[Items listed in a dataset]
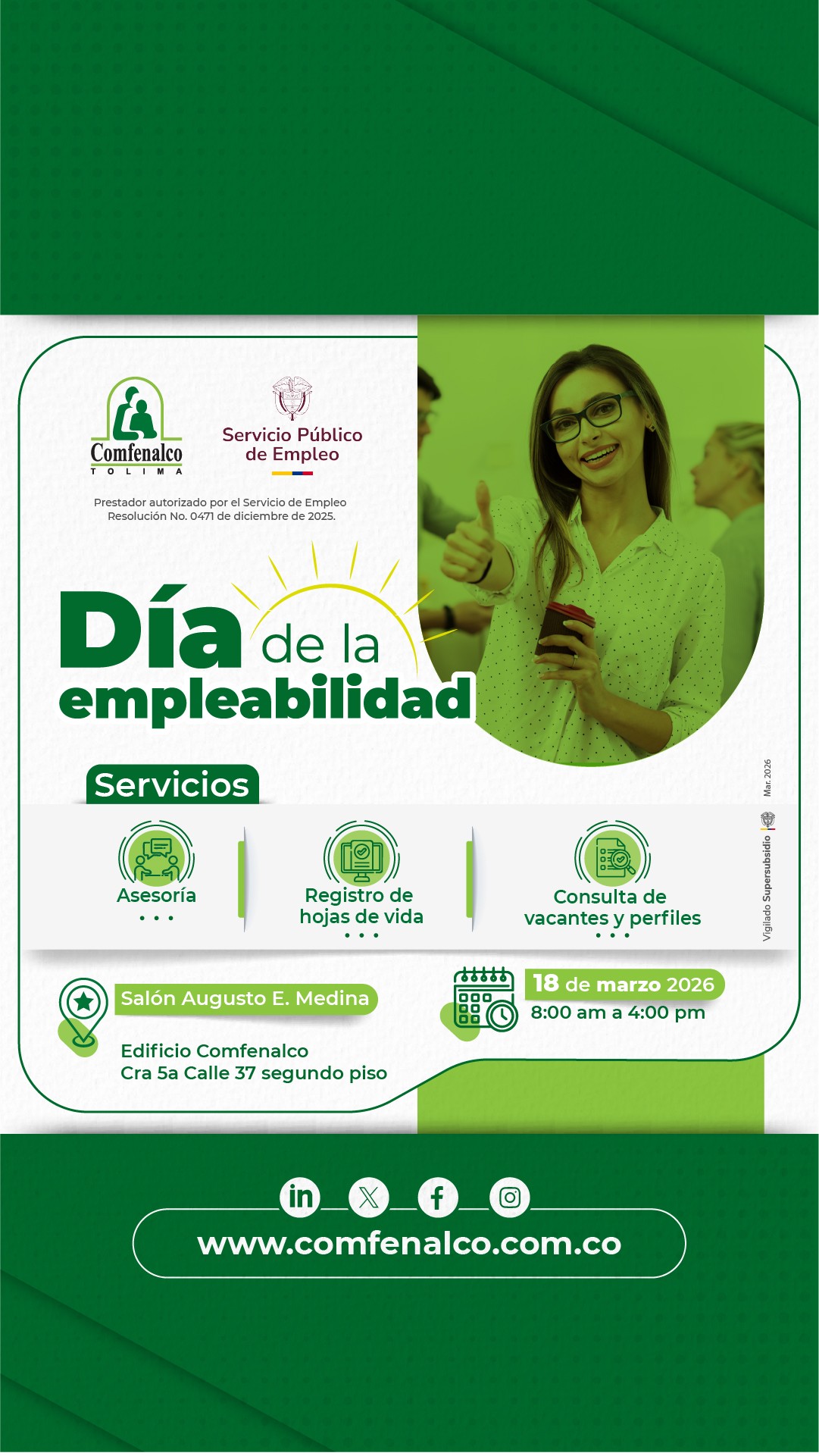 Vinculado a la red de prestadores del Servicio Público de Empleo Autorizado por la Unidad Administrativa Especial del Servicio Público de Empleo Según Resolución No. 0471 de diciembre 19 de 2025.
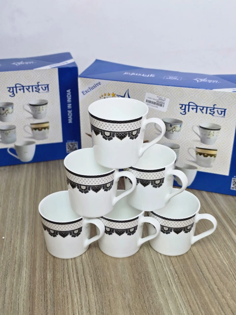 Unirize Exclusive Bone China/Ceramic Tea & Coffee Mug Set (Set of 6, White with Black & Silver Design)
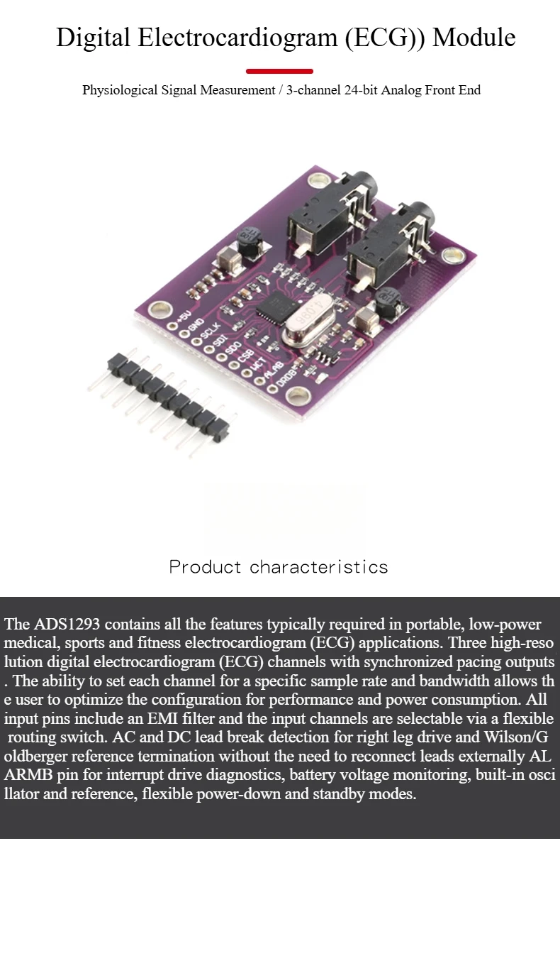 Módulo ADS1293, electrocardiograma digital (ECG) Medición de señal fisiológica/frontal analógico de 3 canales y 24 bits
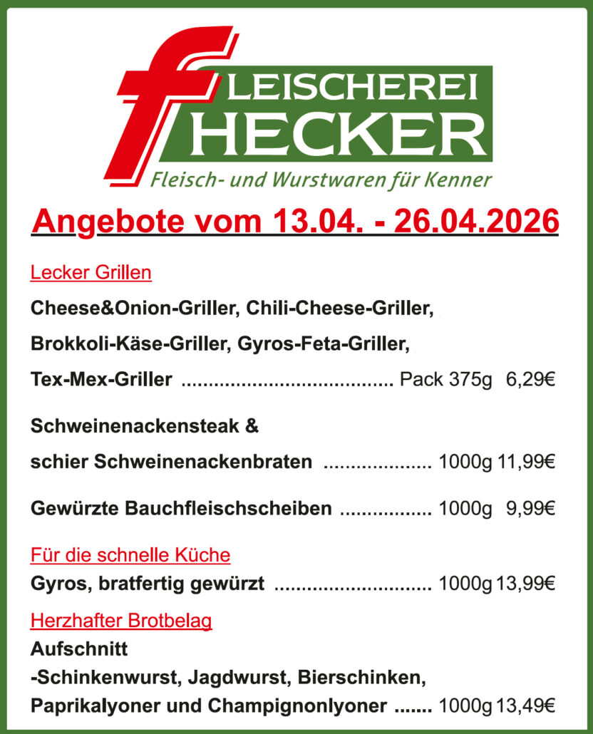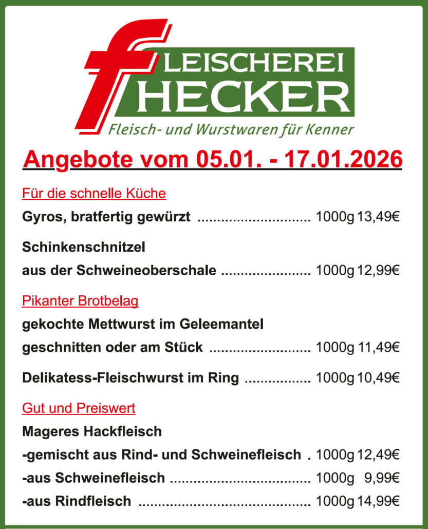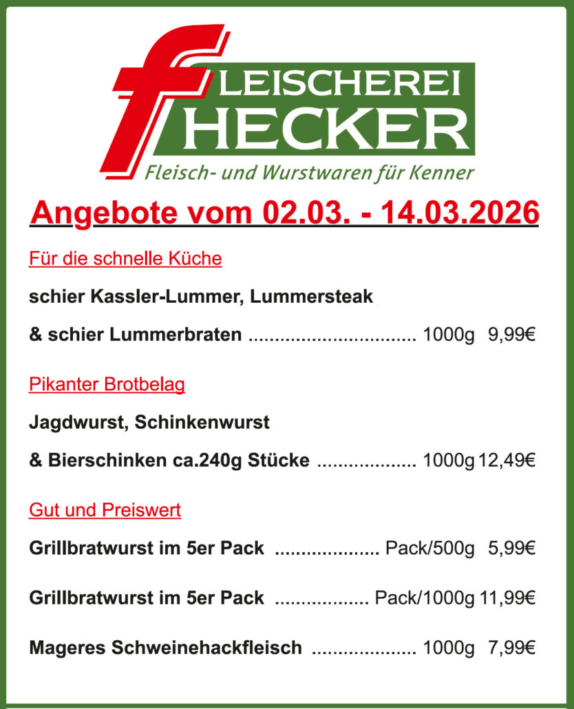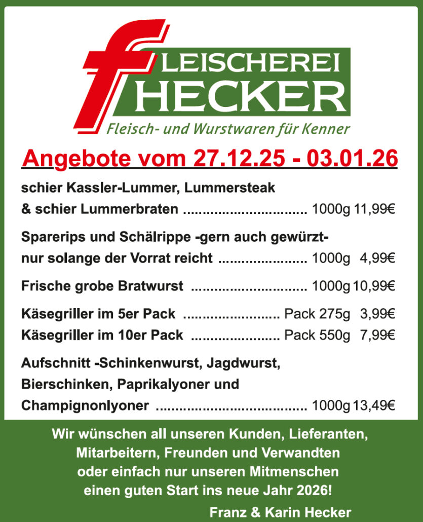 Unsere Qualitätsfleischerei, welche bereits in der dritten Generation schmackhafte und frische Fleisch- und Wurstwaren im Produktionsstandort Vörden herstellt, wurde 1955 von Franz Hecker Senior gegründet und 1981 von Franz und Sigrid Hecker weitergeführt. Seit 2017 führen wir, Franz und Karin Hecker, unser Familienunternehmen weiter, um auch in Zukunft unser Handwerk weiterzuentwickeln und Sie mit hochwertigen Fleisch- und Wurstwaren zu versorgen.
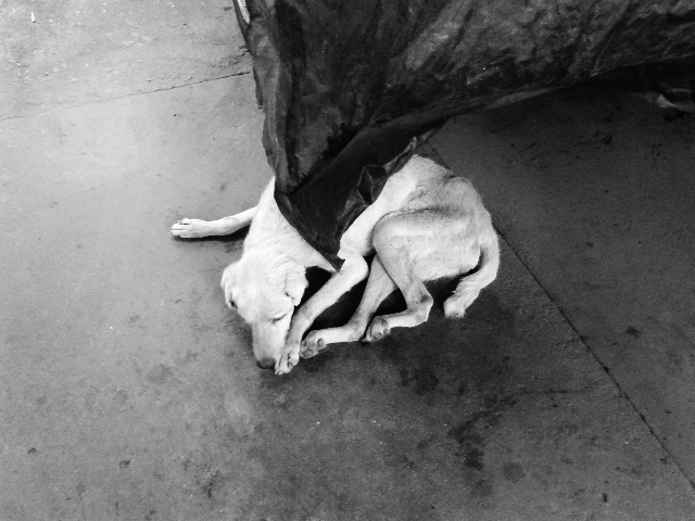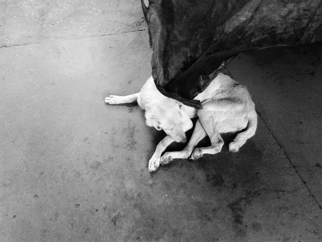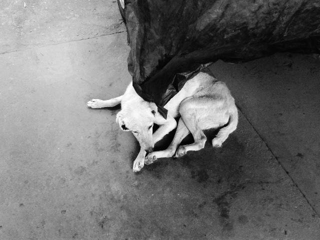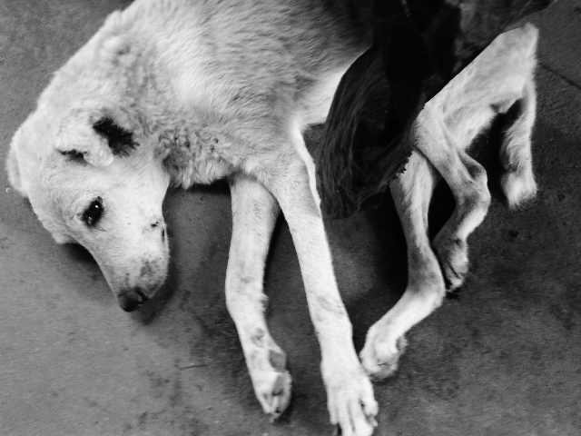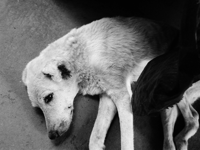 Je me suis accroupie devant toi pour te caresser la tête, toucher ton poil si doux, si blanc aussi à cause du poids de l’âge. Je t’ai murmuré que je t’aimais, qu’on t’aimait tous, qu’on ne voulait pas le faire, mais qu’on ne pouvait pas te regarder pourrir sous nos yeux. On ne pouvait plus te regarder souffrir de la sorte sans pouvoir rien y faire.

#### EXERCISE DESCRIPTION
Would you please output each record exactly, leaving the images out?

#### WRITTEN ANSWER
 Vinculado a la red de prestadores del Servicio Público de Empleo Autorizado por la Unidad Administrativa Especial del Servicio Público de Empleo Según Resolución No. 0471 de diciembre 19 de 2025.
 Unirize Exclusive Bone China/Ceramic Tea & Coffee Mug Set (Set of 6, White with Black & Silver Design)
 Módulo ADS1293, electrocardiograma digital (ECG) Medición de señal fisiológica/frontal analógico de 3 canales y 24 bits
 Unsere Qualitätsfleischerei, welche bereits in der dritten Generation schmackhafte und frische Fleisch- und Wurstwaren im Produktionsstandort Vörden herstellt, wurde 1955 von Franz Hecker Senior gegründet und 1981 von Franz und Sigrid Hecker weitergeführt. Seit 2017 führen wir, Franz und Karin Hecker, unser Familienunternehmen weiter, um auch in Zukunft unser Handwerk weiterzuentwickeln und Sie mit hochwertigen Fleisch- und Wurstwaren zu versorgen.
 Je me suis accroupie devant toi pour te caresser la tête, toucher ton poil si doux, si blanc aussi à cause du poids de l’âge. Je t’ai murmuré que je t’aimais, qu’on t’aimait tous, qu’on ne voulait pas le faire, mais qu’on ne pouvait pas te regarder pourrir sous nos yeux. On ne pouvait plus te regarder souffrir de la sorte sans pouvoir rien y faire.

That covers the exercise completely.